Дом мгновенно реагировал на неблагополучных постояльцев. В моем мирке сразу портилась погода. Лето сменялось поздней осенью, жухли цветы, воцарялся промозглый туман или дождь вместо золотого теплого света. Приходилось срочно искать виновников и разбираться с ними. А это не всегда легко.

На этот раз дом встретил меня глубокой ночью.

«Что-то неблагополучно!» – подумала я.

Бетонная дорожка, вишневые деревья, серый забор из плотно пригнанных досок, из-за переплетенных веток поднимается острая крыша; темные окна и почему-то ярко освещенная веранда; налево кривая калитка. Поднимаюсь на цыпочки, пытаюсь рукой нащупать с той стороны щеколду…

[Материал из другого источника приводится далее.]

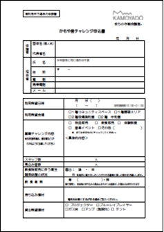 「かもや堂チャレンジ」予約申し込み 藤里町役場 総務課 企画財政係 TEL:0185-79-2111 FAX:0185-79-2293 Mail:kikaku@town.fujisato.lg.jp ※営利を伴う申込みの場合は役場へ申込みを してください。 ※保健所等へ提出した書類がある場合は、 書類の写しを添付してください。 ・Word形式 (WORD,43.09KB) ・PDF形式 (PDF,341.24KB) ページ上部へ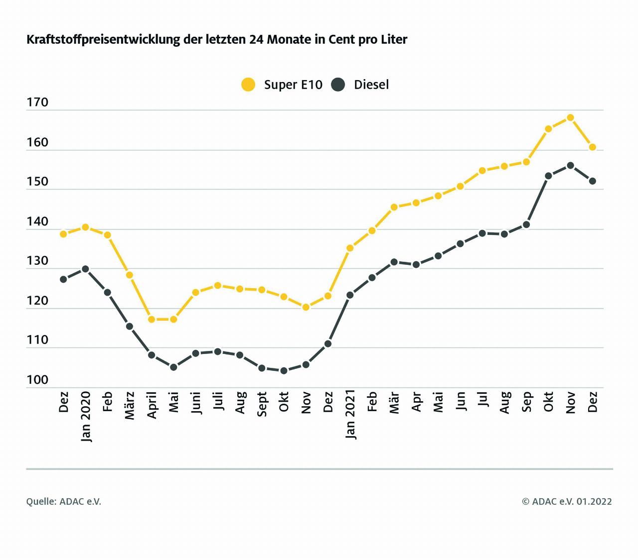 Wichtigster Grund für den starken Preisanstieg war laut ADAC die Erhöhung der Rohölnotierungen. Während ein Barrel der Sorte Brent zum Jahresbeginn rund 50 Dollar kostete, stieg der Preis im Laufe des Jahres zeitweise auf über 85 Euro an. Aber auch die CO2-Besteuerung hatte die Preise gleich zu Jahresbeginn verteuert.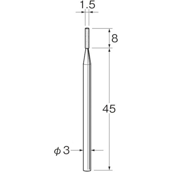 ・粒度(#):320・外径(mm):1.5・幅(mm):8・軸径(mm):3・軸長(mm):45・最高使用回転数(rpm):60000・砥粒:ST白・全長(mm):53・色:白・結合剤:V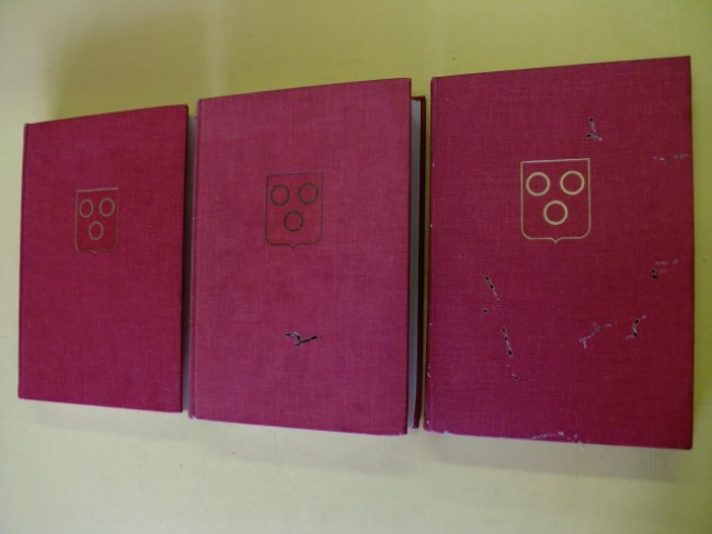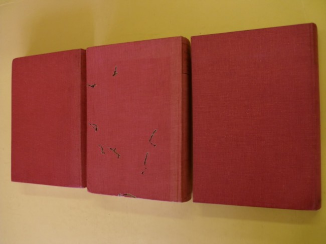 Three volume set in original red cloth boards. The very low reserve price is due to the covers of vols.2 and 3 being affected by worming (now extinct). Volume 1 is unaffected.The worming on vol.2 affects the front board and one of the holes extends through to about p.40. Vol.3 has one area of worming on the front board, and several areas on the rear, extending from the rear board to about p.388, and one hole from the front reaching in to about p.225. Despite this unfortunate damage, all contents are clean and legible, and the worming is now totally extinct, and the spines are very good, with no worming.

Крышка гроба, прислоненная к штакетнику у крыльца, кажется алой. Нашитое из белых полосок ткани восьмиконечное распятие резко выделяется на этой пронзительной красноте. «Новенькие?» Я поднимаюсь на крыльцо, три ступеньки вверх, у средней незакрепленная доска. Ее много раз чинили, прибивая большущими гвоздями, но она почему-то отказывалась держаться.

Бабушка каждый раз предупреждает: «Ступенька! Ноги не поломайте, осторожненько!»

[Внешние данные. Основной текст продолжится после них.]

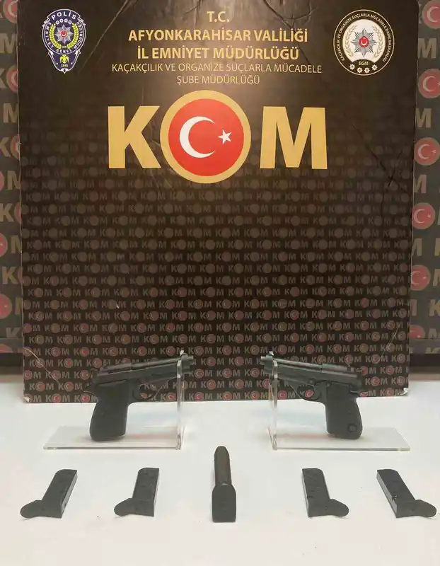 Afyonkarahisar'da huzur ve asayişi sağlamak için denetim yapan polis ekipleri, şüphe üzerine bir aracı durdurarak arama başlattı. Yapılan inceleme sonucunda araç içerisinde yasadışı silahların bulunduğu tespit edildi.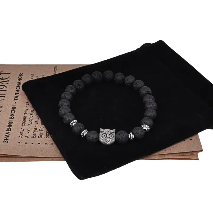 Браслет-амулет с подвеской в виде совы и бусинами из натурального камня лава.

Дверь тяжелая, толкаю от себя, с трудом выходит из осевшего косяка, шагаю в темноту.

Она стоит передо мной в потоке электрического света, бьющего с веранды, загорелая, черноволосая, в красной кофте с глубоким декольте и узкой черной юбке – тетя Надя, мамина сестра. Широко и весело улыбается мне, спрашивая: «Кто там?»

– Привет, это я, – отвечаю на ее вопрос.

– Кто там? – слышу из-за прикрытых дверей веранды бабушкин голос.

– Машка, – повернув голову, кричит тетя Надя.

Я иду на нее, на свет, на голос, повторяя: «Что вы здесь делаете? Ведь вы же не?..» Я не решаюсь произнести «умерли». Я знаю, что они живы, и вот прямо сейчас бабушка спит в соседней комнате, а тетя Надя – на диване…

Бабушка сидит на диване у стены и, щурясь, пытается рассмотреть меня. Она хорошо выглядит и совсем не похожа на умирающую. Свесив босые ноги с дивана, помахивает ими в воздухе. На ней новое пурпурное платье с множеством рюшей и оборок. Я оглядываюсь на Надежду; та орудует у плиты, гремит посудой, и на мой вопрошающий взгляд подмигивает и крутит пальцем у виска.

– Теть Надь, почему ты здесь? Что за гроб во дворе? – не выдерживаю я.

Надя делает серьезное лицо и тихо сообщает:

– Недолго осталось…

– Кому осталось? Что ты несешь?! – Я перехожу на крик, но она останавливает меня вопросом:

– Правда, красивое платье? – и указывает на бабушку.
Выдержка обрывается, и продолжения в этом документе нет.